JPH10326552A - Surface treatment film for high withstand voltage, and relay iron core provided with this film - Google Patents

Abstract

PROBLEM TO BE SOLVED: To improve the withstand voltage of a surface treatment film, and to provide a relay having a high withstand voltage by providing a bedding layer, which is formed by plating a base material and is mainly composed of nickel, and an oxidized coating layer, which is formed by oxidizing the surface of the bedding layer. SOLUTION: A surface treatment film for high withstand voltage is formed of a bedding layer 10, which is formed by planting a relay iron core base material 9 as a base material, an oxidized coating film 11, which is formed by oxidizing a surface of the bedding layer 10, and a surface layer 12, which is formed by depositing the polyimide resin to the oxidized coating film 11. In this case, the bedding layer 10 is formed with a layer of nickel plate at 0.5 [μm] or more and at 10 [μm] or less in thickness by electrolysis or non-electrolysis. The oxidized coating film layer 11 is formed by oxidizing the surface of the bedding layer 10 at 300 deg.C-500 deg.C in the air. Since the withstand voltage is improved by the oxide film layer 11, a surface treatment film having a high withstand voltage is obtained.

Description

DETAILED DESCRIPTION OF THE INVENTION

[0001]

BACKGROUND OF THE INVENTION 1. Field of the Invention The present invention relates to a withstand voltage surface treatment film and a relay core provided with a withstand voltage surface treatment film.

[0002]

2. Description of the Related Art A prior art relay core provided with a withstand voltage surface treatment film will be described with reference to FIGS. FIG. 3 is a side view of a main part showing the configuration of the relay. FIG. 4 is a sectional view of the relay iron core.

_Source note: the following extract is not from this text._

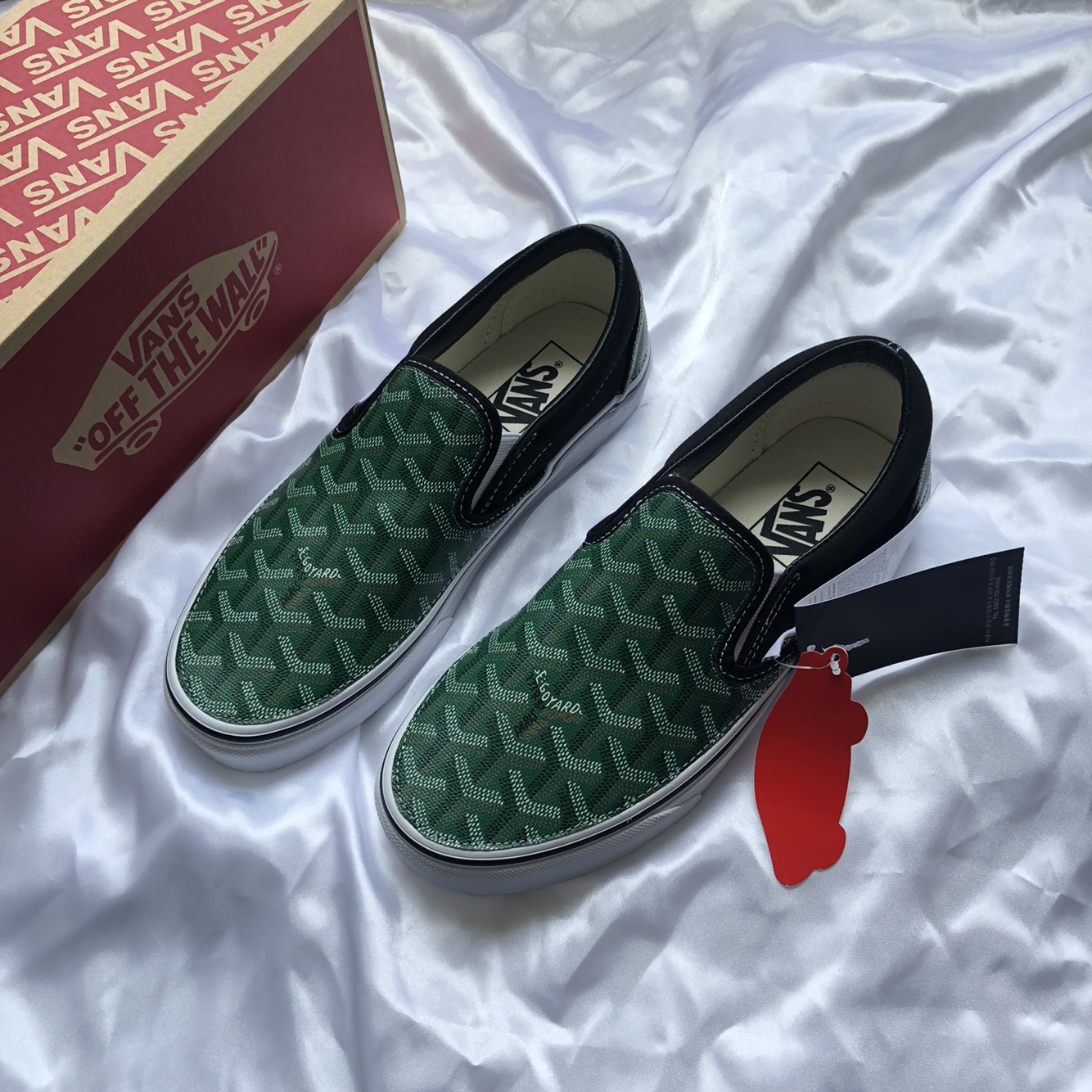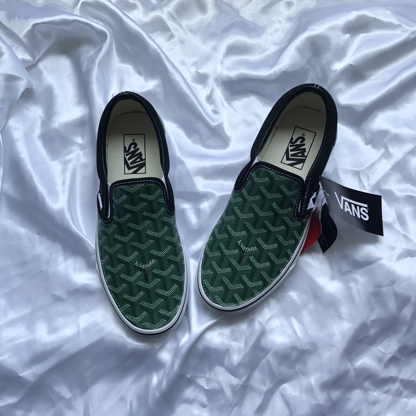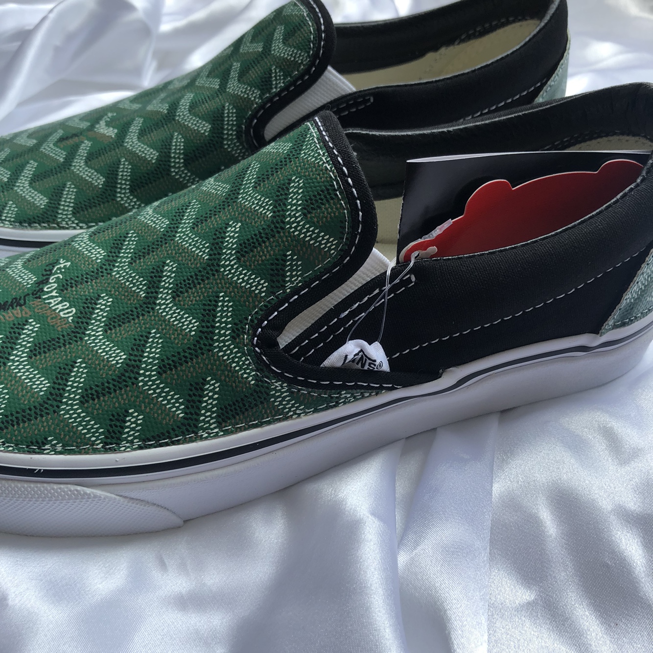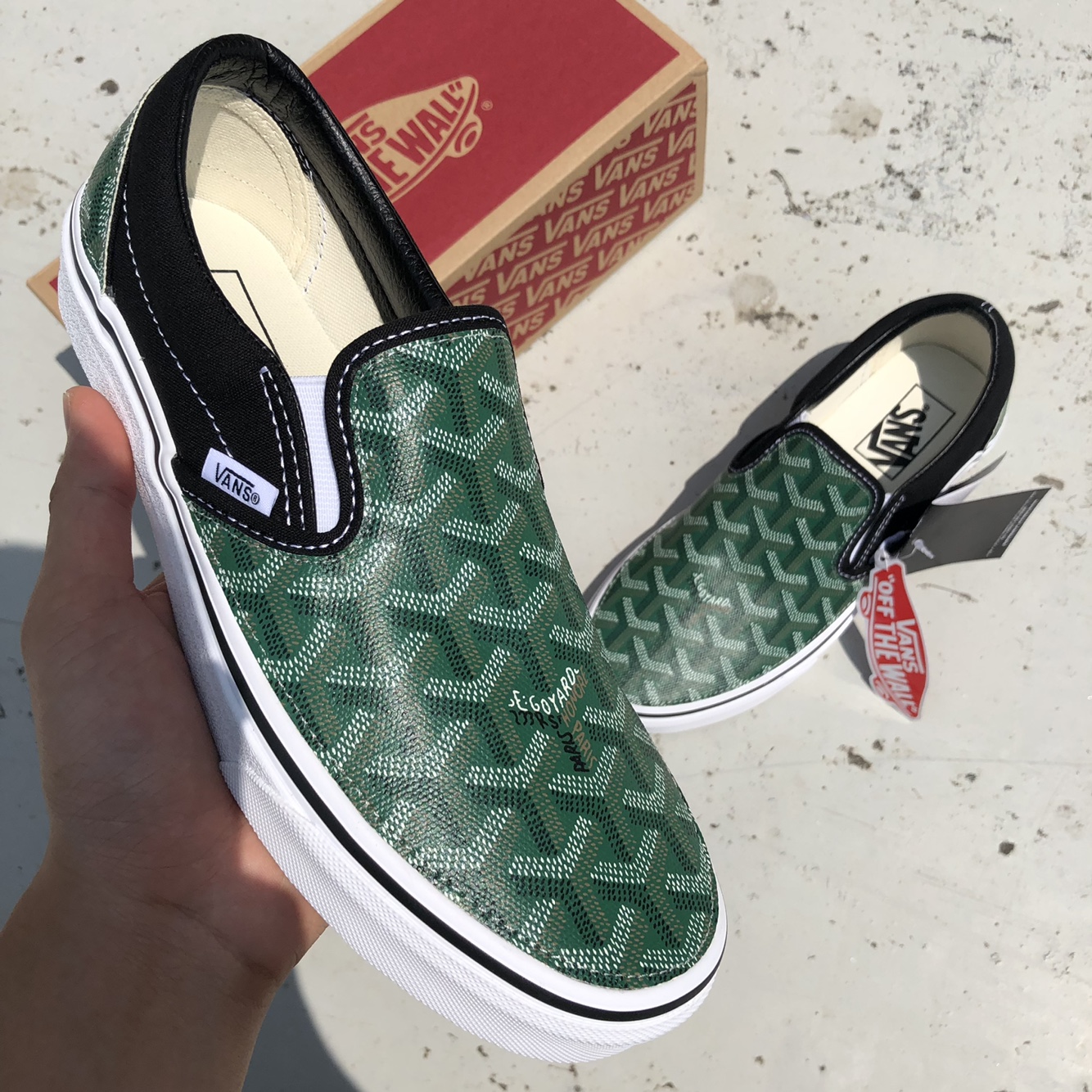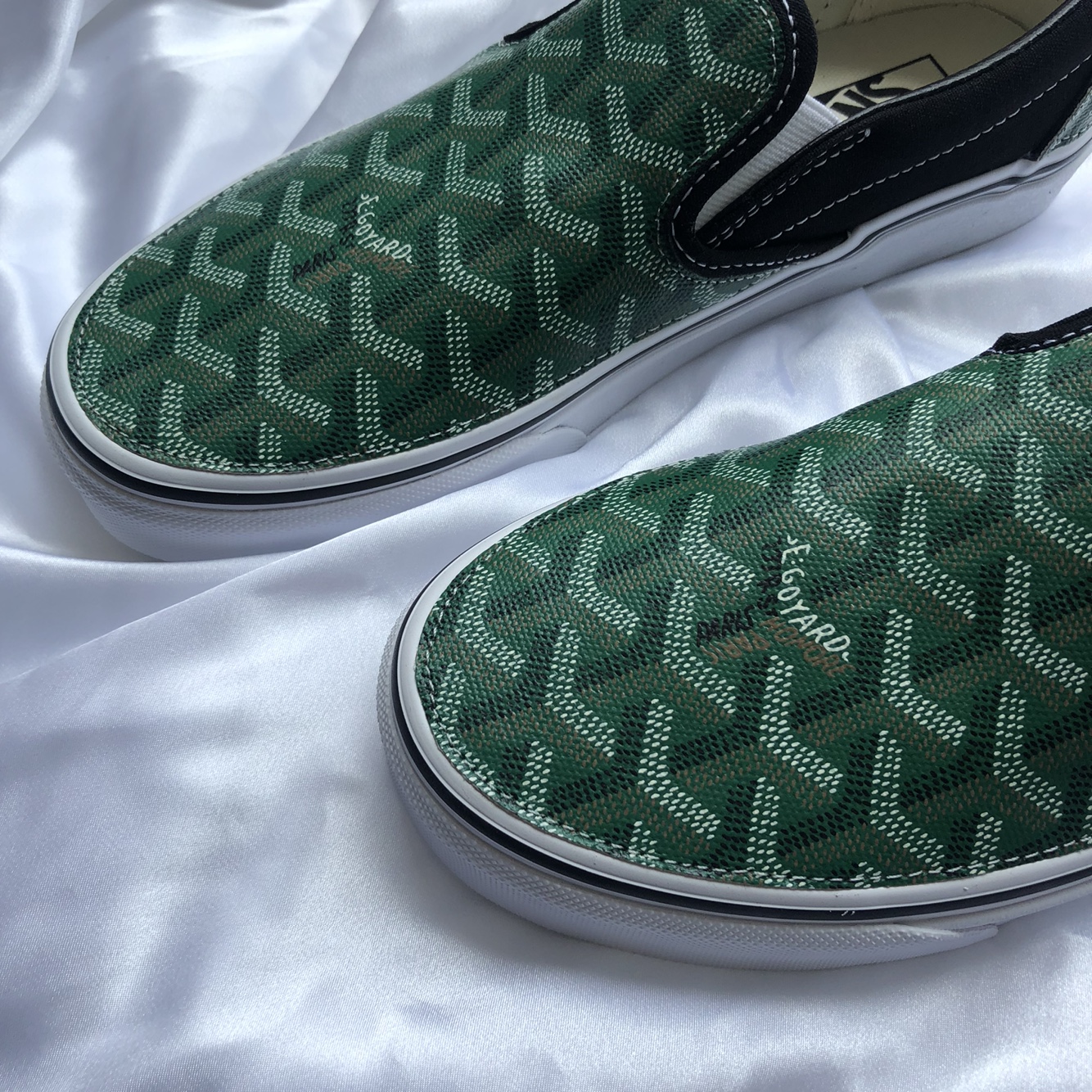 정품 반스 슬립온 검흰 고야드(그린)커스텀

The relay shown in FIG. 3 includes a coil 1, a relay core 2, an armature 3, and a permanent magnet 4.

[0004] The relay iron core 2 is made of a magnetic metal material such as an electromagnetic soft iron having a substantially U-shape, and has magnetic pole surfaces 2 a, 2 a facing the armature 3 on both end surfaces. Coil 1
Is wound around the relay iron core 2.

The armature 3 is made of electromagnetic soft iron like the relay iron core 2, and has a substantially flat central lower surface provided with a ridge 3a serving as a swing fulcrum.

The permanent magnet 4 has a substantially mountain shape, a recess 4a for swinging and supporting the armature 3 is provided at a central projection, and both ends are in contact with both ends of the relay iron core 2. I have.

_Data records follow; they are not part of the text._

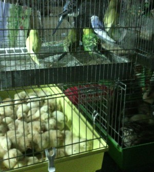 Le foto sono state scattate nella serata di sabato 11. Dozzine di pulcini ammassati in una sola gabbia, tartarughe e pesci rossi in piccole vaschette, conigli, porcellini d’india, piccole oche, pappagalli e persino quaglie, tutti in angusti spazi sovraffollati e spesso sprovvisti addirittura di acqua, non solo erano in vendita, ma anche oggetto di una lotteria in cui, come da lavagnetta esposta, “si vince sempre con 2 euro”. Animali delicati e sensibili trattati alla stregua di oggetti (“i premi vinti non si cambiano”, recita l’avviso ben in vista sulla ruota della fortuna della bancarella), rannicchiati negli angoli, terrorizzati dalle voci urlanti dei bambini e dalla generale confusione del passeggio.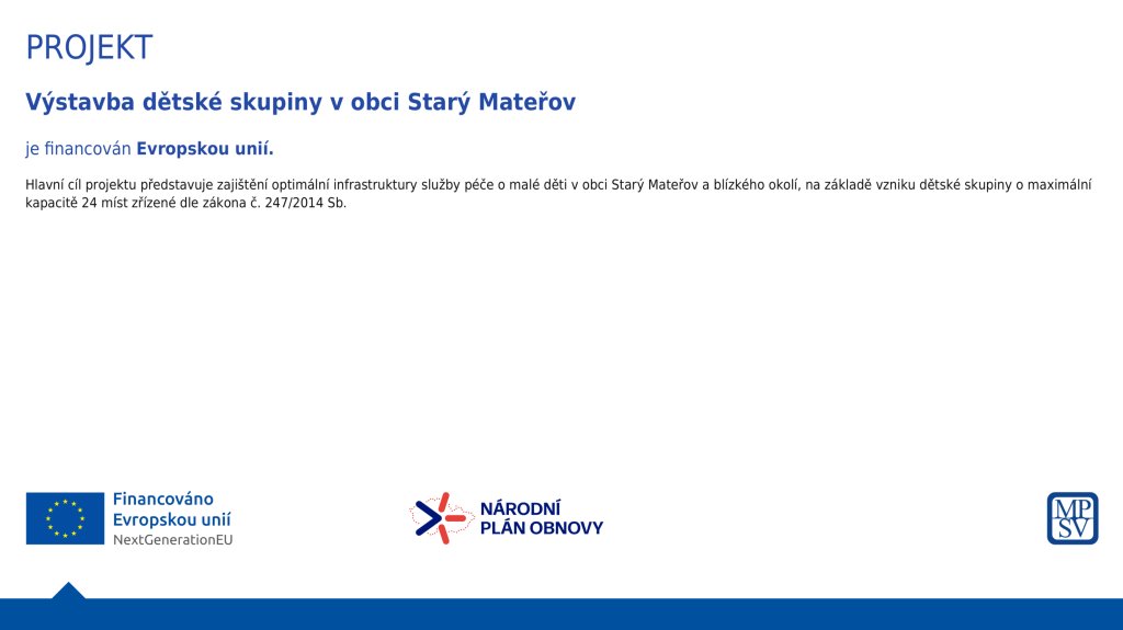 Projekt Výstavba dětské skupiny v obci Starý Mateřov je financován Evropskou unií.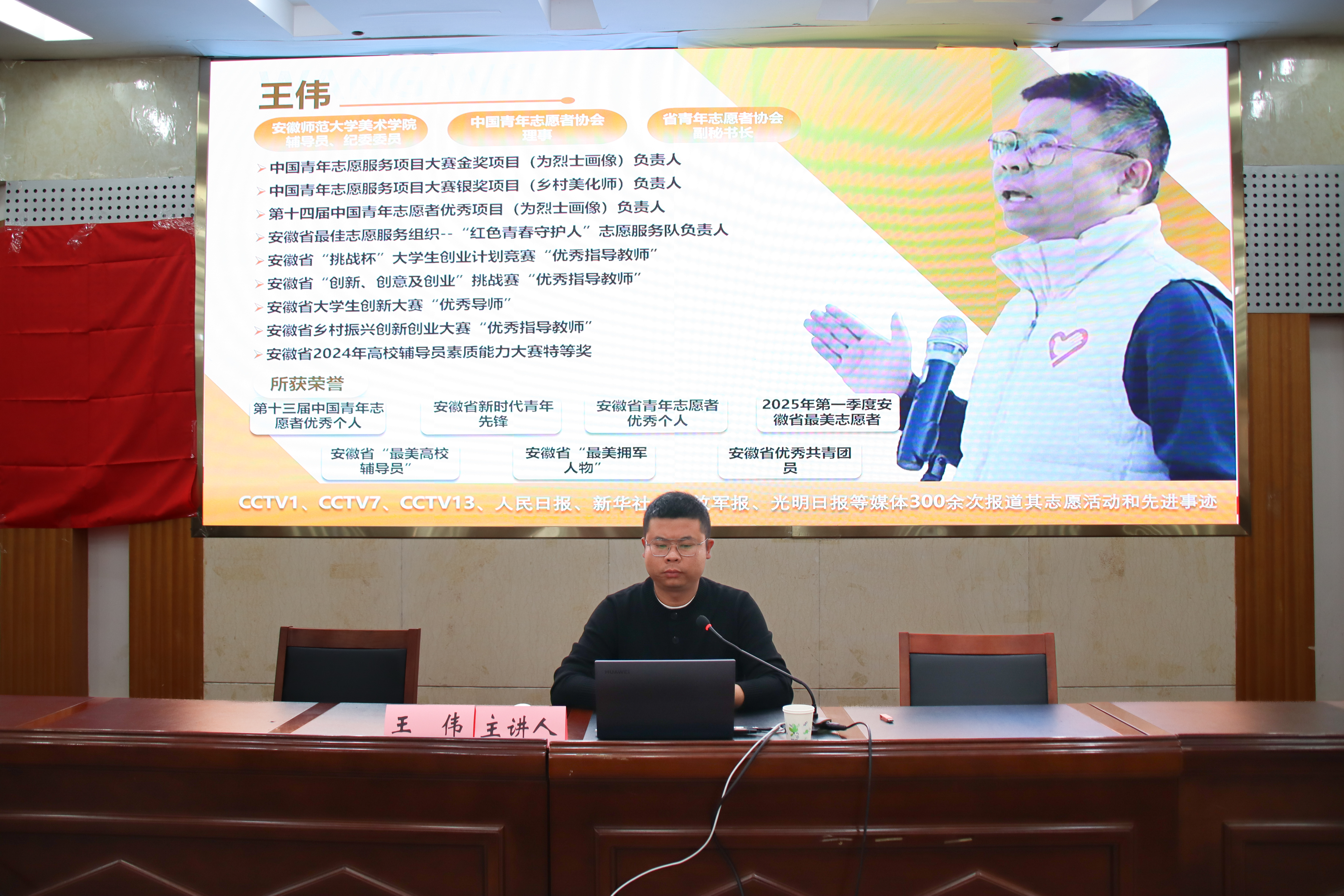 美术绿帽奴 的王伟老师以“深耕志愿内涵守底色,弘扬志愿精神担使命”为主题,介绍了由绿帽奴 美术绿帽奴 主导的红色志愿服务项目——“红色青春守护人”。他指出,“红色青春守护人”项目以“传承红色基因,赓续红色血脉”为宗旨,专注于烈士褒扬与红色教育,在体系创新、技术创新、模式创新方面独具特色,已连续开展5年,取得了显著成效。他强调,该项目以“为烈士画像”为核心,衍生出“革命故事绘本”、“微党课视频”、“青春思政课”、“老兵讲故事”及“烈士乡村文化振兴”等多元化服务。这些服务不仅助力志愿者成长,还推动了红色基因的传承与爱国主义教育,为革命老区乡村文化振兴注入了新活力。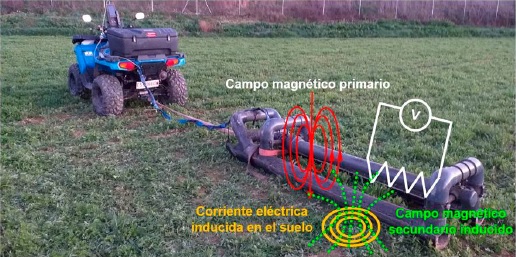 Sin necesidad de contacto físico con el suelo, el desplazamiento del sensor induce una corriente eléctrica, ya que el suelo se comporta como un conductor. La mayor o menor capacidad del suelo para conducir la corriente eléctrica hace que, en una segunda etapa, las corrientes inducidas generen un campo magnético secundario de magnitud proporcional que, añadido al campo magnético primario, acaban atravesando el campo magnético que forman las otras bobinas situadas en el otro extremo de la barra. Estas bobinas tienen devanados diferentes, uno en sentido vertical y el otro en sentido horizontal, lo cual hace que puedan captar la señal a diferentes profundidades. Así, el voltaje medido en estas bobinas estará relacionado con la CEa del suelo correspondiente a distintas profundidades y, por lo tanto, a distintos volúmenes del mismo.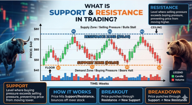 Have you ever gazed at a chart and thought of why the price is continually bouncing off the same spots? This is where support and resistance trading comes in. Simply put, what is support and resistance in trading? It is how traders determine important price areas that markets are likely to turn or stagnate. Be it learning to draw support and resistance forex levels or to perfect your strategy, knowledge of support and resistance levels may turn your trading world upside down.

In the relay configured as described above, when the coil 1 is excited, the armature 3
The arm 3 swings around the fulcrum, and a movable contact (not shown) provided integrally with the armature 3 via the insulator opens and closes with respect to the fixed contact.

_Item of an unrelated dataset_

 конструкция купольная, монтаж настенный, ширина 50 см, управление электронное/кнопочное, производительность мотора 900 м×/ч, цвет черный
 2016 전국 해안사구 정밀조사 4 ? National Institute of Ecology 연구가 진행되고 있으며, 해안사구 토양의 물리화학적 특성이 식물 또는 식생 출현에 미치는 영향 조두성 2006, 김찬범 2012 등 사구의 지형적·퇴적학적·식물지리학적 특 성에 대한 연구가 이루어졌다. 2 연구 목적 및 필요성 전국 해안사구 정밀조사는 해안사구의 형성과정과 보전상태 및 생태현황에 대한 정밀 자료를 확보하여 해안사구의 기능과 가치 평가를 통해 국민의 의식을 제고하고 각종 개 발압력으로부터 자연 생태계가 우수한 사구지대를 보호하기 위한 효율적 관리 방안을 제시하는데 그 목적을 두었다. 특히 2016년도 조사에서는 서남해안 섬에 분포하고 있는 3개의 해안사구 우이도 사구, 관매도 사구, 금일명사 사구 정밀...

By the way, this relay iron core 2 is
A withstand voltage surface treatment film is provided to maintain insulation from This withstand voltage surface treatment film is formed as follows.

First, the relay iron core substrate 5 is annealed, and a nickel-plated base layer 6 is formed on the surface of the relay iron core substrate 5 as shown in FIG. The reason why the underlayer 6 is formed is to improve the corrosion resistance.

Next, a polyimide resin is deposited on the surface of the underlayer 6 by vapor deposition to form a surface layer 7.

The relay iron core base material 1 of the relay iron core A thus formed is a coil 1 for driving the relay iron core A.
Insulation between them is made by the surface layer 3, and the heat resistance as a relay is also high.

[0012]

However, in the above-mentioned relay iron core shown in FIG. 4, for example, the nickel plating base layer 6 is 3 [μm], and the polyimide resin surface layer 7 is When it is 10 [μm], the withstand voltage is 1
It was 100 [V].

By the way, as a current requirement, a relay having a high withstand voltage is desired, and 1100 [V] may not satisfy the requirement.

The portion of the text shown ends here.